_Data extract_.

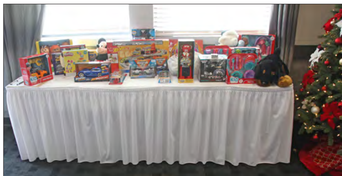
Toys for Kids Table
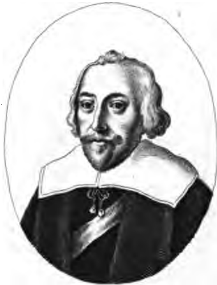
Oliver S t Iohn Earle of Bulling brooke Lord S t Iohn of Bleifo
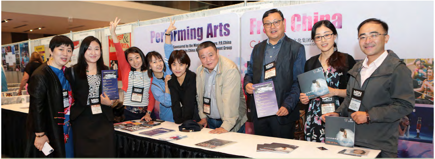
Attendees visited the 2017 Arts Midwest Conference from across the globe.

_Exercise objective_.
Transcribe the whole listing, character for character, but not its images.

_Result for this exercise_.
Toys for Kids Table
Oliver S t Iohn Earle of Bulling brooke Lord S t Iohn of Bleifo
Attendees visited the 2017 Arts Midwest Conference from across the globe.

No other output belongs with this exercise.